1A set of bells in a tower, played using a keyboard or by an automatic mechanism similar to a piano roll.
Example sentences
  • They visited many places of interest during their stay including the magnificent St Colman's Cathedral in Cobh which is constructed in a French Gothic style and has a carillon of 47 bells, one of the largest in these islands.
  • The Laura Spelman Rockefeller Memorial Carillon is the second-largest carillon in the world.
  • Cyril Johnston is credited as the man who rediscovered the art of bell tuning, an art form which had been lost for more than 200 years, and made the name of Gillett and Johnston synonomous with bells and carillons throughout the world.

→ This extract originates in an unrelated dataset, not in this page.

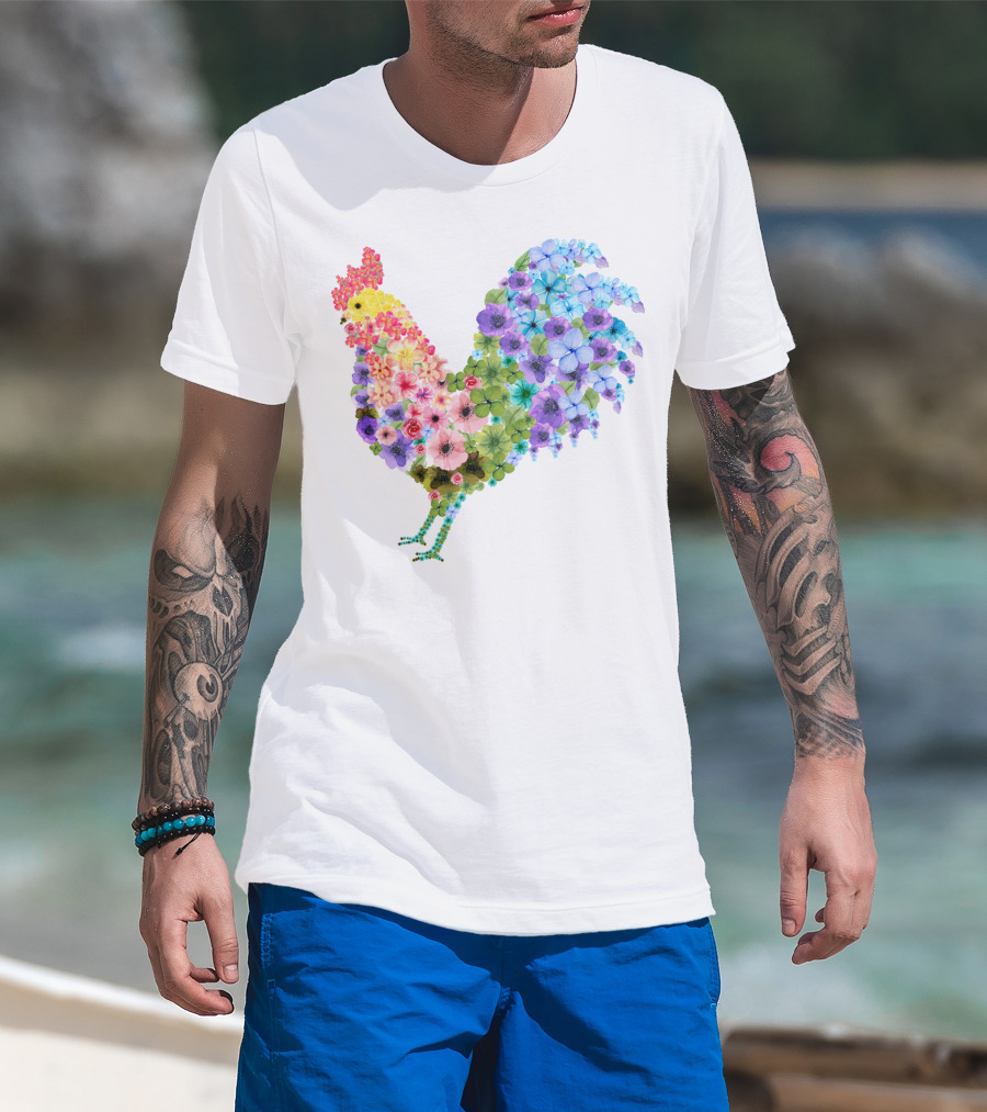 The CHICKEN Flower Patterned Rooster with Vibrant Floral Colors T-shirt is designed for everyday wear and a consistent fit. Fabric is pre-shrunk ring-spun cotton with durable stitching. See the size chart below for exact measurements.

1.1A tune played on a carillon.
Example sentences
  • Handel makes delicious use of a carillon in the soprano aria ‘Or let the merry bells ring round’.
  • We look forward to a successful appeal, and hopefully in the not-too-distant future to hearing the melodious tones of the carillon once again.
  • But in the end, the only bell that mattered was the noontime carillon that brought workers in for their one hearty meal at home.



Pronunciation: /ˌkarələˈnər/
Example sentences
  • This instrument, with more than 100 tons of bronze bells and 72 English-made bells, is so captivating that the world's top carillonneurs come to perform on it.
  • Other famous carillonneurs were Antoon Brees, Riverside Church of New York and Cranbrook Church in Detroit, and Camiel Lefevre of Bok Tower in Florida.
  • The hour-long recitals on the cathedral's 49-bell carillon will be given by the resident and guest carillonneurs.


Late 18th century: from French, from Old French quarregnon 'peal of four bells', based on Latin quattuor 'four'.